**YOUR GOAL**
Leave the pictures out. Transcribe exactly every line from the start of the records through the one containing "катета BC соответственно,точкаK".

==== GIVEN DATA ====

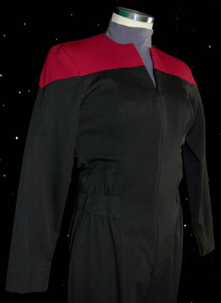 Description: A female Command Red Starfleet uniform made for wear during the Star Trek: Voyager series. The uniform is black with Command red shoulders, a small Velcro patch on the left breast for a Combadge (not included) to attach, a zip up the front and two pleats in the back. Around the waist are loops for away-team gear (not included) to attach. A gray long sleeved undershirt accompanies the jumpsuit. Costume comes complete with costume tag.
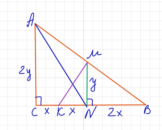 катета BC соответственно,точкаK отмечена на катете BC так, чтоCK : KB = 1 : 3.
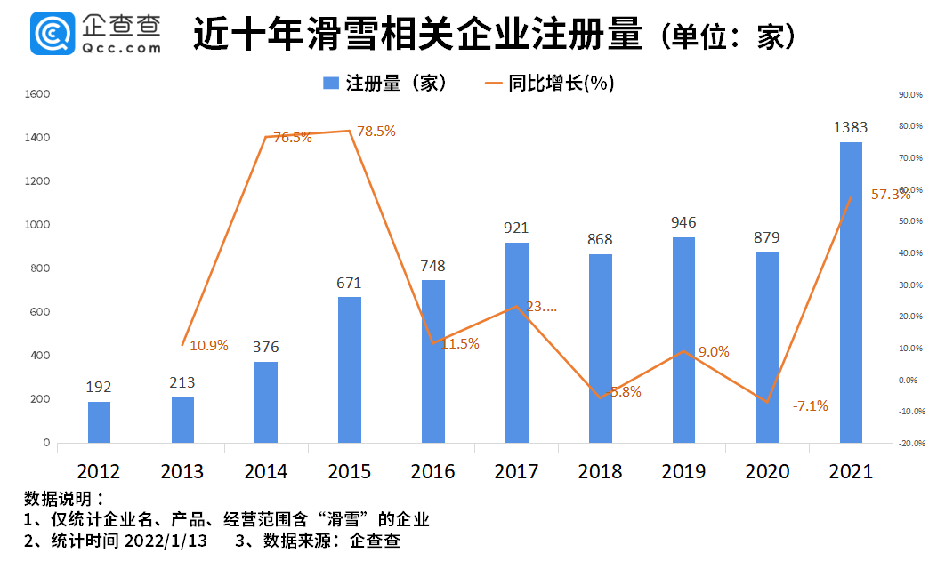 企查查数据显示,截止2022.1.13,我国滑雪相关的企业现存6800余家,2021年注册量达1383家,同比增长了57.3%,是近十年注册量最多的一年,而此前几年注册量并无明显增长趋势。从地区分布来看,河北省以752家企业高居第一,黑龙江、广东紧随其后,分别有企业679家、638家。滑雪相关企业大多分布在北方地区,东北三省的企业量均排名前五,山东、北京、新疆、内蒙古、陕西的企业量均排在前十之列。
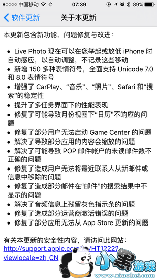 该更新目前已能通过无线方式进行升级,升级大小约为313MB。以下为苹果官方升级内容说明:
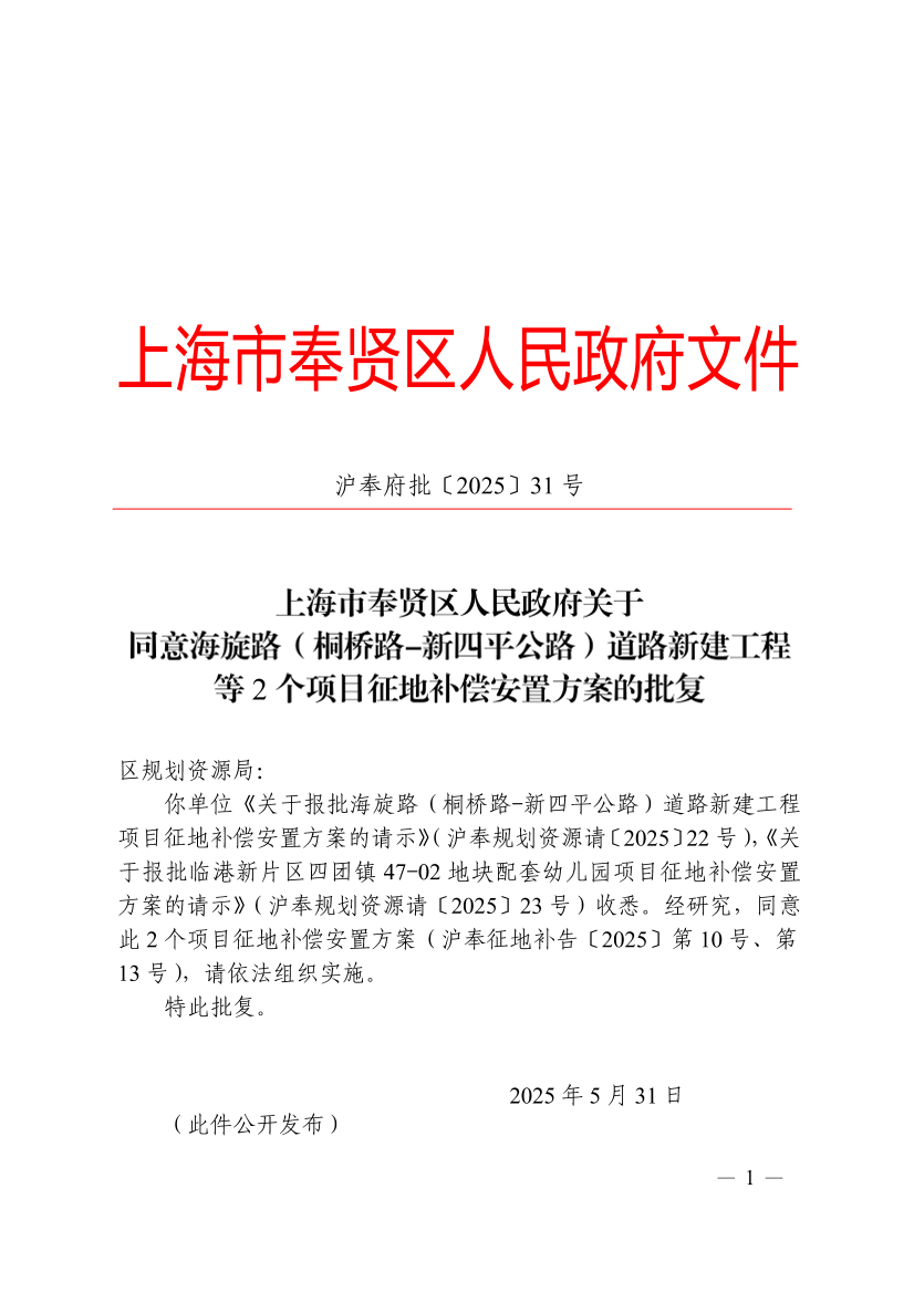 你单位《关于报批海旋路(桐桥路-新四平公路)道路新建工程项目征地补偿安置方案的请示》(沪奉规划资源请〔2025〕22号),《关于报批临港新片区四团镇47-02地块配套幼儿园项目征地补偿安置方案的请示》(沪奉规划资源请〔2025〕23号)收悉。经研究,同意此2个项目征地补偿安置方案(沪奉征地补告〔2025〕第10号、第13号),请依法组织实施。

====

**ANSWER BOX**
 Description: A female Command Red Starfleet uniform made for wear during the Star Trek: Voyager series. The uniform is black with Command red shoulders, a small Velcro patch on the left breast for a Combadge (not included) to attach, a zip up the front and two pleats in the back. Around the waist are loops for away-team gear (not included) to attach. A gray long sleeved undershirt accompanies the jumpsuit. Costume comes complete with costume tag.
 катета BC соответственно,точкаK отмечена на катете BC так, чтоCK : KB = 1 : 3.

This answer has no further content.